### Work item
Look below for the line that contains "Белая обувь на" and the line that contains "6月16日上午,我院2025", then restate both of them and every line in between, exactly. No picture goes in the copy.

### Input records
++++++++

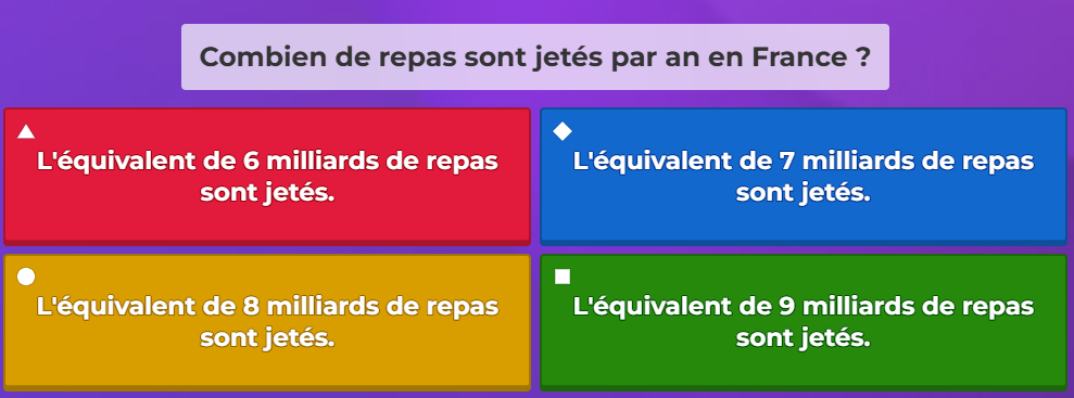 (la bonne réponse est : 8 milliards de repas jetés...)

++++++++

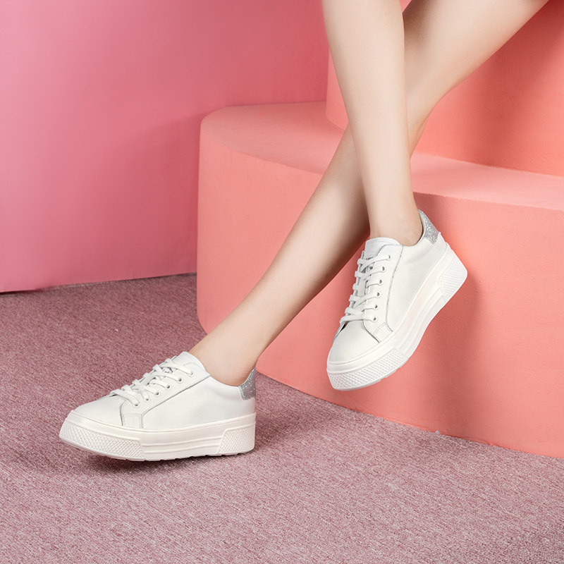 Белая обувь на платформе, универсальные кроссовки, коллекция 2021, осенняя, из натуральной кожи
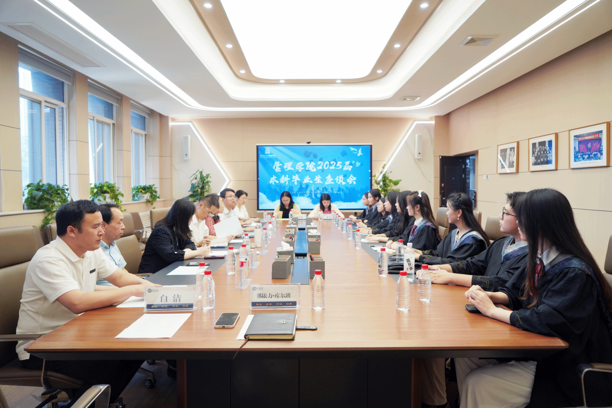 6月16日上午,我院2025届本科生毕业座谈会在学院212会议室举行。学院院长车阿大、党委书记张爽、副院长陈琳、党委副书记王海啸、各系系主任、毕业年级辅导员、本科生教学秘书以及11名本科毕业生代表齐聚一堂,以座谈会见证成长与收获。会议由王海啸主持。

++++++++

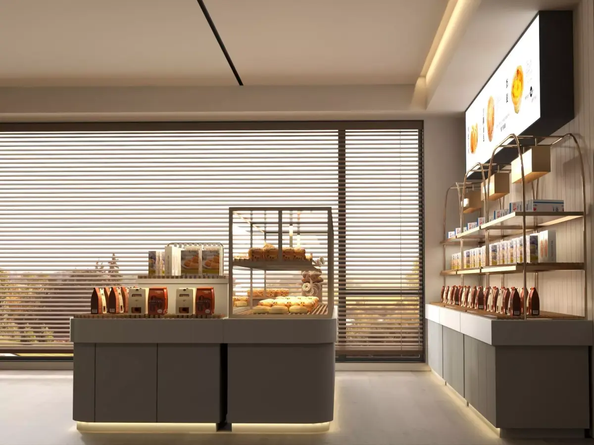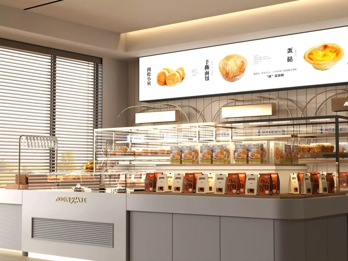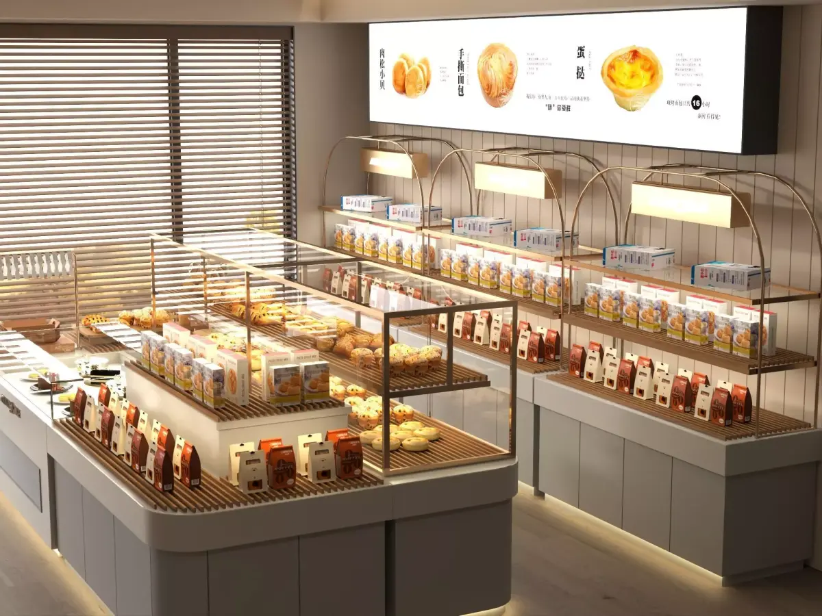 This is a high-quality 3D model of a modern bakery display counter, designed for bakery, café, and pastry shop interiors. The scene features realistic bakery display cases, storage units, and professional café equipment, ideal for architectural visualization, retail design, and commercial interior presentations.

++++++++

### Solution for this task
 Белая обувь на платформе, универсальные кроссовки, коллекция 2021, осенняя, из натуральной кожи
 6月16日上午,我院2025届本科生毕业座谈会在学院212会议室举行。学院院长车阿大、党委书记张爽、副院长陈琳、党委副书记王海啸、各系系主任、毕业年级辅导员、本科生教学秘书以及11名本科毕业生代表齐聚一堂,以座谈会见证成长与收获。会议由王海啸主持。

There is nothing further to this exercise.